Boundaries-based security and AI safety approaches
[This part 3 of a 5 part sequence on security and cryptography areas relevant for AI safety, published and linked here a few days apart.]
There is a long-standing computer security approach that may have directly useful parallels to a recent strand of AI safety work. Both rely on the notion of ‘respecting boundaries’. Since the computer security approach has been around for a while, there may be useful lessons to draw from it for the more recent AI safety work. Let’s start with AI safety, then introduce the security approach, and finish with parallels.

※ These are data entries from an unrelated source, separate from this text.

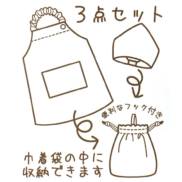 | 商品説明 | ※保育園・幼稚園・学校での給食当番や調理実習にはもちろん、おうちでの料理のお手伝いやイベントなどにも大活躍の、エプロン・ゴム付き三角巾・巾着袋の3点セット♪ ※3点とも同じ生地を使い統一感も◎!少しツルっとした生地です。長く使えるシンプルで飽きのこないデザイン! ※ママのお料理をマネっこしたがる小さな年頃のお子様にも、学校行事でエプロンが必要になる小学生にも対応! ※エプロンの首元と腰部分の紐は動きやすいギャザーゴム仕様!首紐はスナップボタンで2段階に調節可能!腰紐も大きめサイズのボタンで2段階調節が可能です!ポケットは前中央に付いています。 ※三角巾は後ろがギャザーゴムになっているので、帽子のようにスポッと被るだけでOK! ※持ち運びに便利な巾着袋はサイドの紐をキュッと絞るだけ!お子様でも簡単に開閉が可能。机の横のフックやランドセルに付けれるようにループ付き。 ※3点とも内側にはお名前を記入できるタグ付き。 |
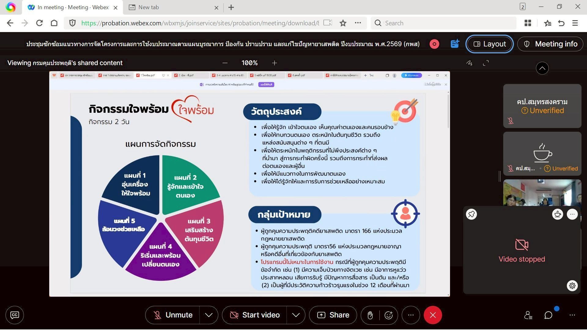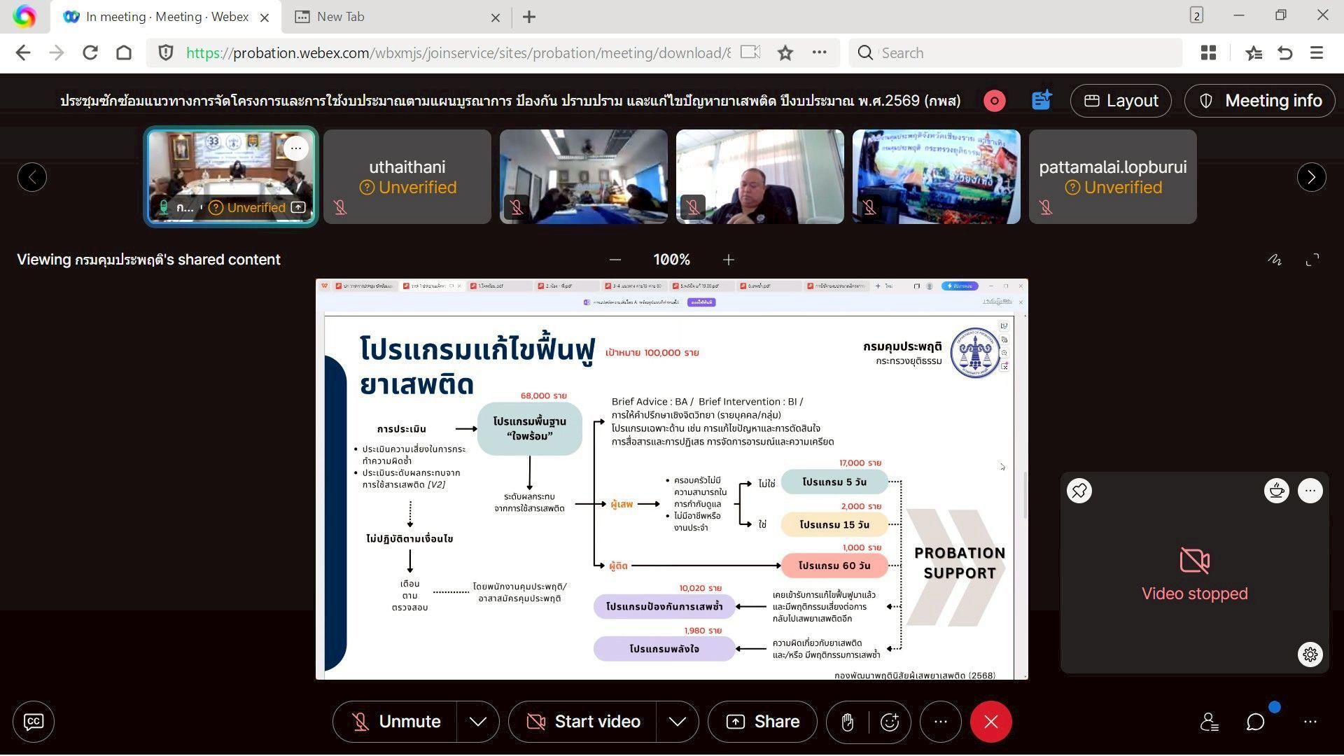 4 พฤศจิกายน 2568 สำนักงานคุมประพฤติจังหวัดเชียงใหม่ สาขาฝาง ร่วมการประชุมซักซ้อมแนวทางการจัดโครงการและการใช้งบประมาณตามแผนบูรณาการ ป้องกัน ปราบปราม และแก้ไขปัญหายาเสพติด ปีงบประมาณ พ.ศ.2569 (กพส) ทางออนไลน์
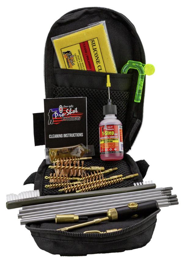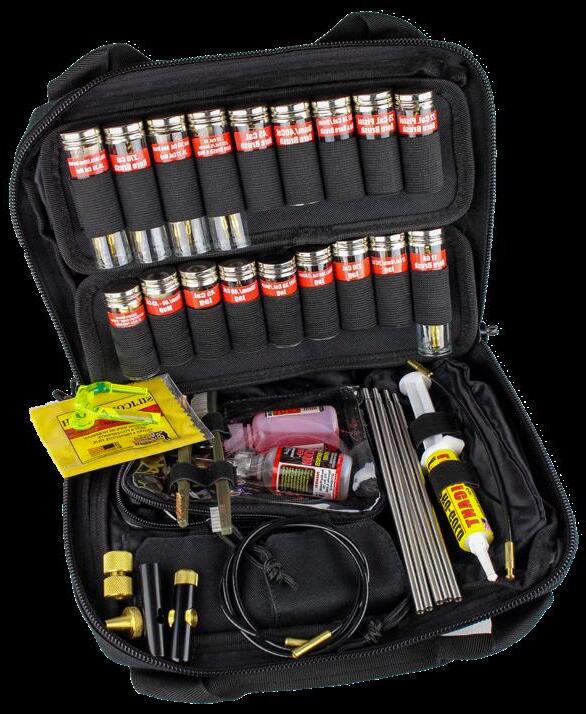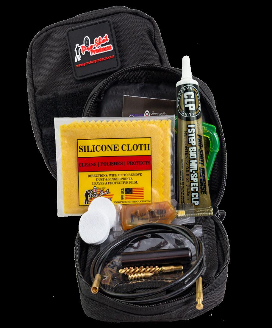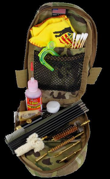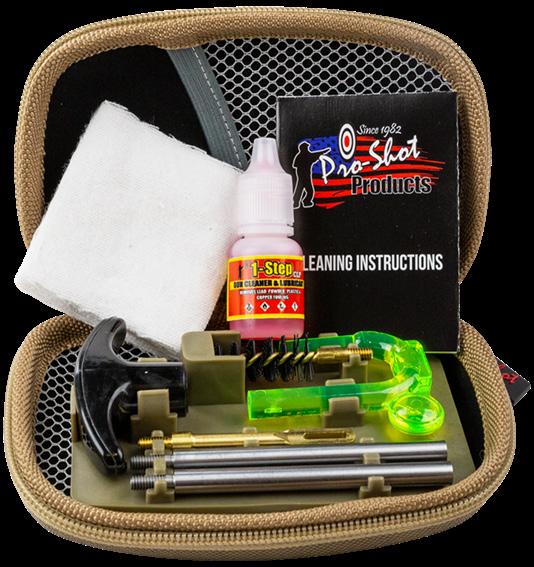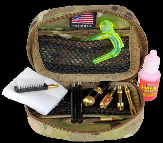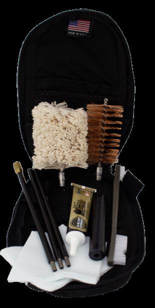 Excellent for range bags and ruck packs. Compact, lightweight, and includes all components to clean 9mm Pistol and
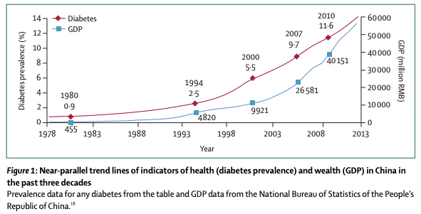 1980年,中国糖尿病患病率为0.67%,到了2010年升高到11.6%,从下图可以看出糖尿病从传统认知中的“富贵病”走向“大众病”的过程。
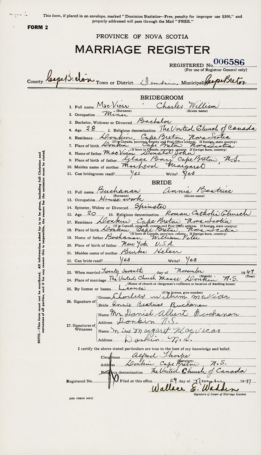 26. Place of marriage The United Church Manse, Donkin, Nova Scotia Donkin, Cape Breton County
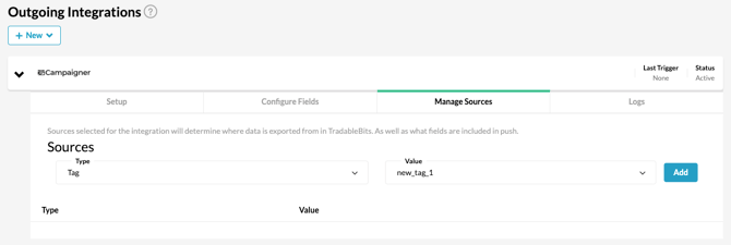 6. Click into the Manage Sources tab and select your source type and value. Click Add
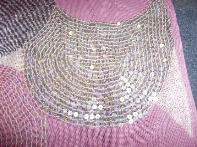 Hier biete ich ein elegantes Feinstrick-Top mit Pailletten, in der Farbe altrosa, grau und weiß, an.
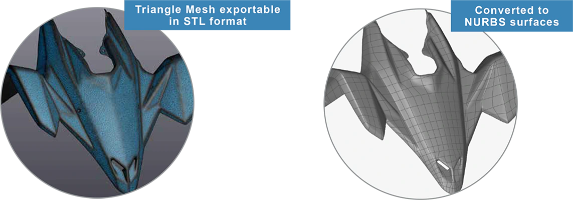 Mithilfe von Software lassen sich die Scan-Daten bereinigen, Lücken füllen, Fehler korrigieren und die Qualität verbessern. Das resultierende Dreiecksnetz wird meist als STL-Datei exportiert oder in NURBS-Flächen für die CAD-Modellierung umgewandelt.
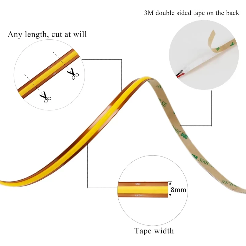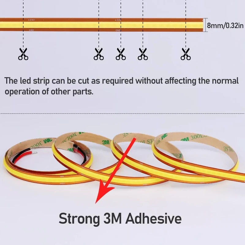 Jūsu iepirkumu grozs ir tukšs! 11W/m Jebkur nogriežama (cut anywhere) COB LED Lenta 24V
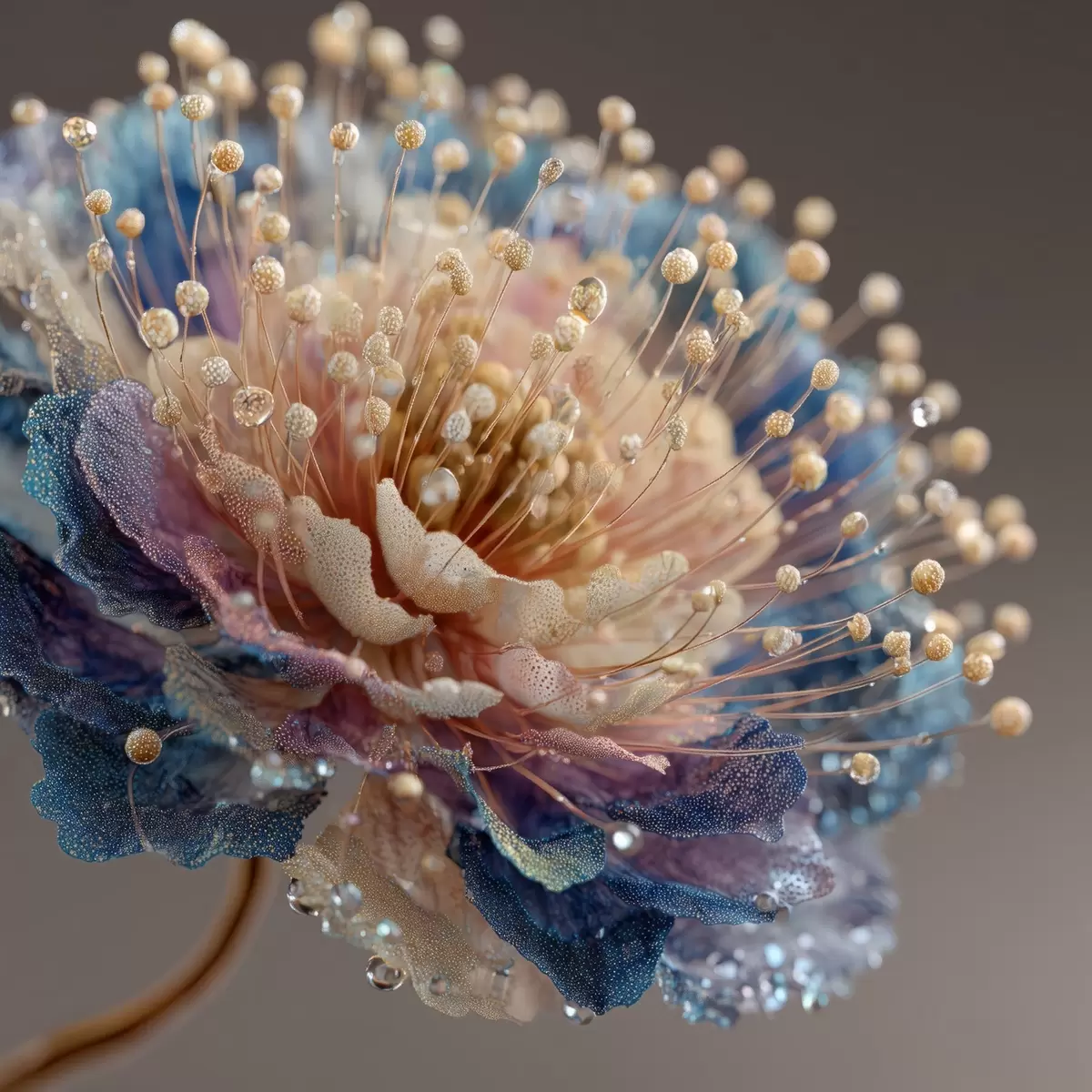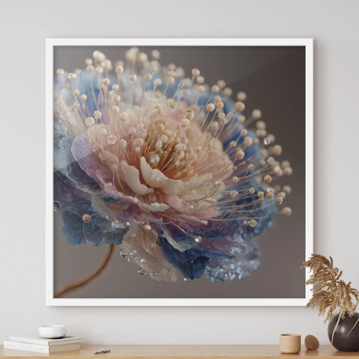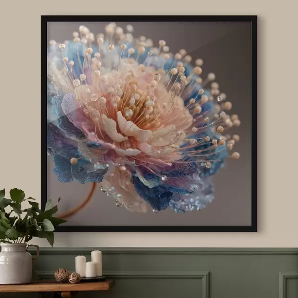 Plakatas Perlamutrinė gėlė su rasos lašeliais, persikų ir mėlynų spalvų žiedlapiais f45911
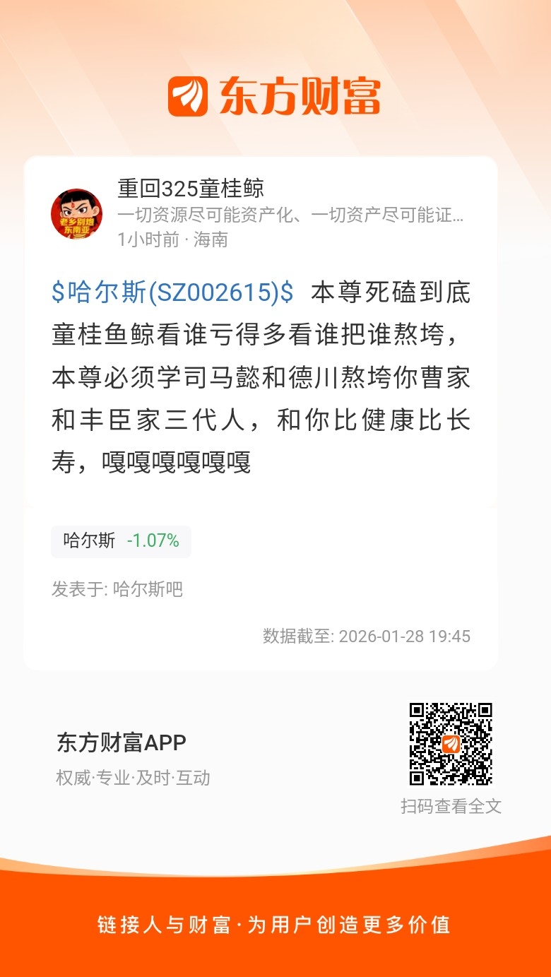 温馨提示: 1.根据《证券法》规定,禁止编造、传播虚假信息或者误导性信息,扰乱证券市场;2.用户在本社区发表的所有资料、言论等仅代表个人观点,与本网站立场无关,不对您构成任何投资建议。用户应基于自己的独立判断,自行决定证券投资并承担相应风险。《东方财富社区管理规定》
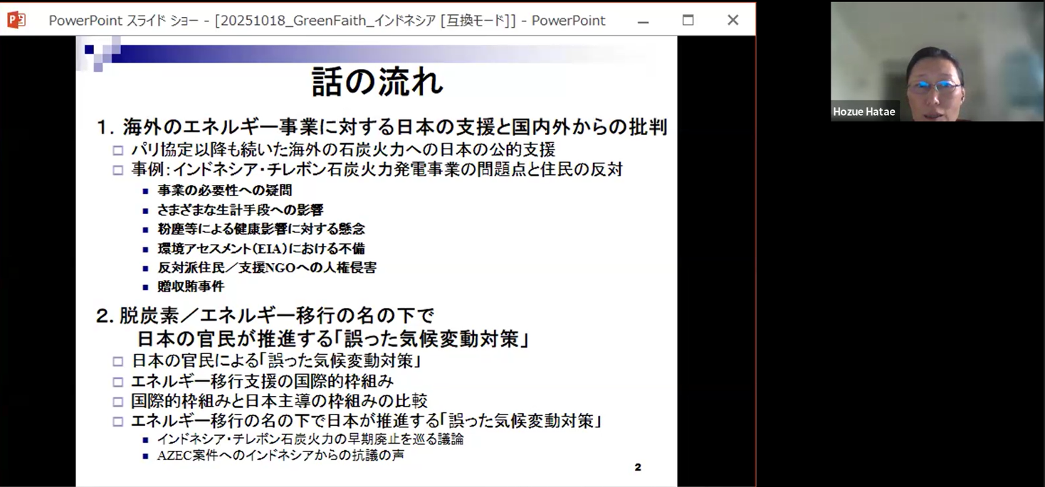 波多江さんは現在フィリピンを拠点に、南アジアで進む石炭燃料事業に関する住民被害の調査・支援を続けておられます。今回は、インドネシアのチレボン石炭火力発電所で実際に起きている事実をもとに、日本の官民が関与する国際エネルギー支援の構造的な問題についてお話しいただきました。
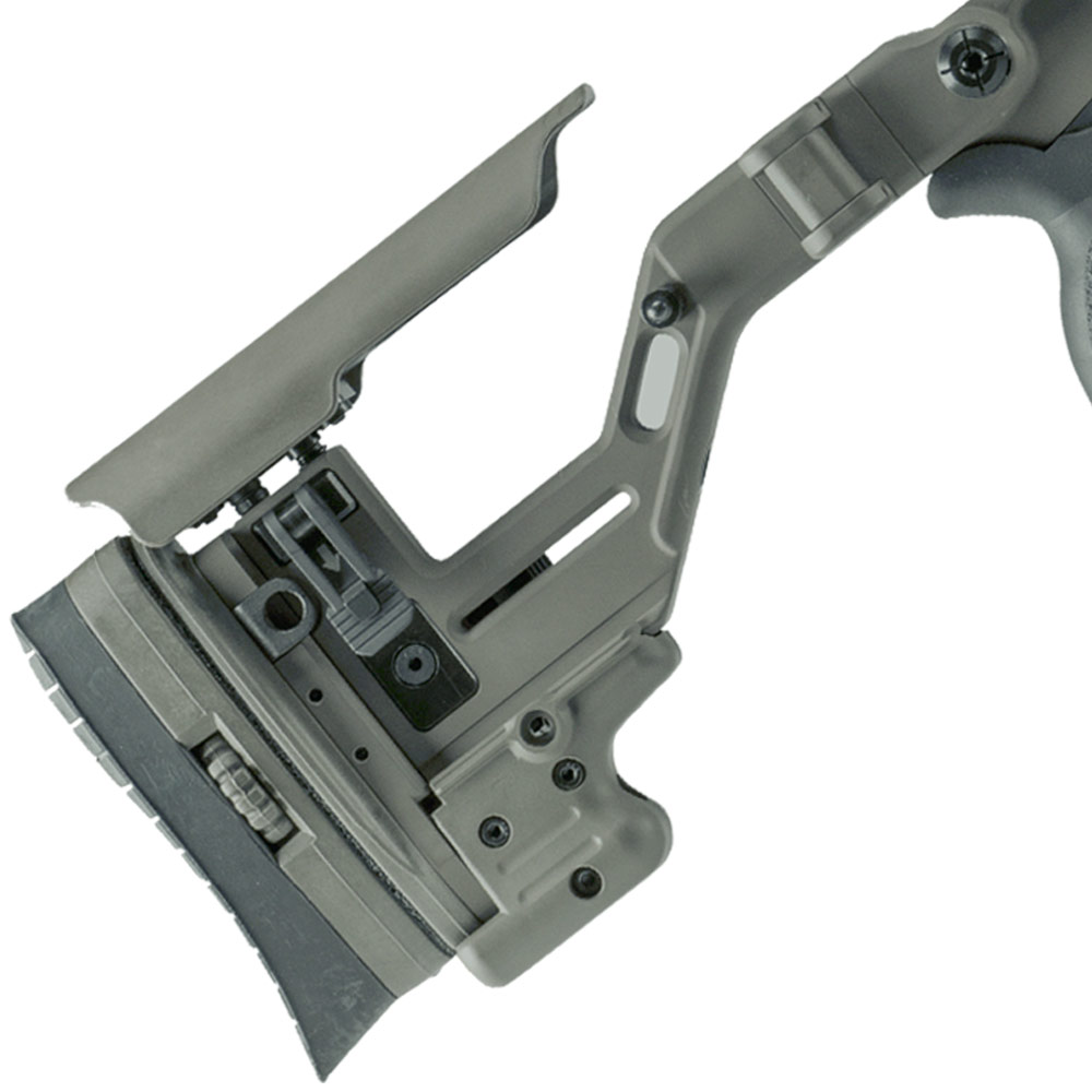 - Adjustable Cheekpiece and Buttpad: Achieve perfect alignment and comfort with tool-free adjustments for cheek height and length of pull, customizable to individual shooter preferences.
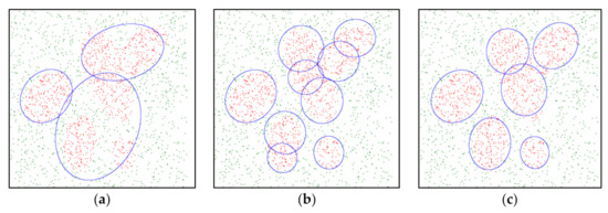 The ellipsoid parameters, such as size, centers, and orientation, are optimized using MOPSO integrated with the GKA, as described in Section 2 and Section 3. These ellipsoid parameters are calculated under the condition that the total number of ellipsoids used to approximate the jth class decision region is assigned in advance j = 1…p. If is too small, the jth class samples might be included in an insufficient number of ellipsoids, resulting in several ellipsoids having large sizes. It is possible that certain samples that do not belong to the jth class are included in these large ellipsoids. Moreover, samples other than those belonging to the jth class might be included because an insufficient number of ellipsoids is assigned to model the jth class samples. A binary-class dataset with 1000 samples in each class is illustrated in Figure 3. The samples in either class 1 or class 2 are randomly generated within the range [0, 3] on X and Y axis, respectively. The problem caused by a small is illustrated in Figure 3a. Conversely, the jth class samples might be included in too many ellipsoids if is too large. This results in a scenario where several ellipsoids overlap with each another, resulting in the ellipsoids being learned inefficiently, as illustrated in Figure 3b. If a suitable is assigned, as illustrated in Figure 3c, the learning result leads to a set of ellipsoids with of the appropriate size, center, and orientation.

AI safety: Boundaries in The Open Agency Model and the Acausal Society
In a recent LW post, The Open Agency Model, Eric Drexler expands on his previous CAIS work by introducing ‘open agencies’ as a model for AI safety. In contrast to the often proposed opaque or unitary agents, “agencies rely on generative models that produce diverse proposals, diverse critics that help select proposals, and diverse agents that implement proposed actions to accomplish tasks”, subject to ongoing review and revision.
In An Open Agency Architecture for Safe Transformative AI, Davidad expands on Eric Drexler’s model, suggesting that, instead of optimizing, this model would ‘depessimize’ by reaching a world that has existential safety. So rather than a fully-fledged AGI-enforced optimization scenario that implements all principles CEV would endorse, this would be a more modest approach that relies on the notion of important boundaries (including those of human and AI entities) being respected.
What could it mean to respect the boundaries of human and AI entities? In Acausal Normalcy, Andrew Critch also discusses the notion of respecting boundaries with respect to coordination in an acausal society. He thinks it’s possible that an acausal society generally holds values related to respecting boundaries. He defines ‘boundaries’ as the approximate causal separation of regions, either in physical spaces (such as spacetime) or abstract spaces (such as cyberspace). Respecting them intuitively means relying on the consent of the entity on the other side of the boundary when interacting with them: only using causal channels that were endogenously opened.
His examples of currently used boundaries include a person’s skin that separates the inside of their body from the outside, a fence around a family’s yard that separates their place from neighbors, a firewall that separates the LAN and its users from the rest of the internet, and a sustained disassociation of social groups that separates the two groups. In his Boundaries Sequence, Andrew Critch continues to formally define the notions of boundaries to generalize them to very different intelligences.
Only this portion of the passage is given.